» **Exercise**
Take the lines from the head of the listing through the one bearing "シンプルなボブにインナーカラ" and copy them exactly, leaving every picture out.

» **Dataset entries**
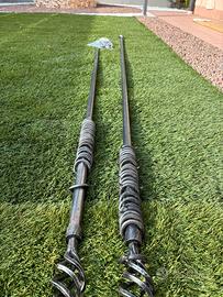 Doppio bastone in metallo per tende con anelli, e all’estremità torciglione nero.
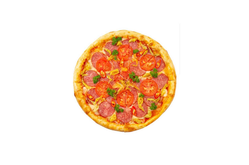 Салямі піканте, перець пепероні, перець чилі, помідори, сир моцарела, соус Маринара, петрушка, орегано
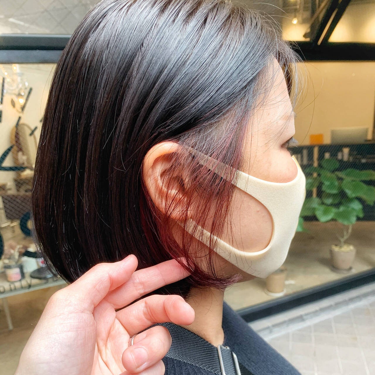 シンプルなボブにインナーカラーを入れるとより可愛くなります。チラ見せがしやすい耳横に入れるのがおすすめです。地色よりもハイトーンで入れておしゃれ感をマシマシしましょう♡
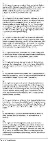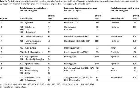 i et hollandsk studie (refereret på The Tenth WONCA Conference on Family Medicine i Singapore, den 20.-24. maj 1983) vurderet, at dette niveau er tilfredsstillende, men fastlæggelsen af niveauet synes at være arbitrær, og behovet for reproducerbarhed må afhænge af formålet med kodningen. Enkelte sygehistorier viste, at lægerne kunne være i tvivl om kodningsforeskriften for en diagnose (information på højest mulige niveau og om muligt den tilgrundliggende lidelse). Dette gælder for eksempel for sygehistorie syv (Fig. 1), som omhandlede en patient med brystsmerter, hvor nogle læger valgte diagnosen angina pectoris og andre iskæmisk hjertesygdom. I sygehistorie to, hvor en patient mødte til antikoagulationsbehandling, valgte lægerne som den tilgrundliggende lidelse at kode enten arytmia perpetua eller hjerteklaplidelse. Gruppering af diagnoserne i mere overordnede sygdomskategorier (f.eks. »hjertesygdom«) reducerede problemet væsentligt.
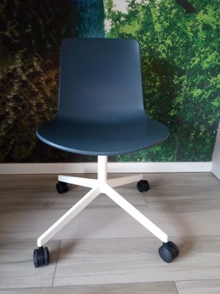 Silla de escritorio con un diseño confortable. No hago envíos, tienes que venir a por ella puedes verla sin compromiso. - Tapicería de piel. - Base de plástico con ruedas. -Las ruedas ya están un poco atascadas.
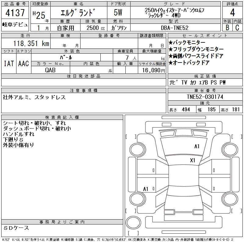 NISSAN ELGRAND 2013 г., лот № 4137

» **Task result**
 Doppio bastone in metallo per tende con anelli, e all’estremità torciglione nero.
 Салямі піканте, перець пепероні, перець чилі, помідори, сир моцарела, соус Маринара, петрушка, орегано
 シンプルなボブにインナーカラーを入れるとより可愛くなります。チラ見せがしやすい耳横に入れるのがおすすめです。地色よりもハイトーンで入れておしゃれ感をマシマシしましょう♡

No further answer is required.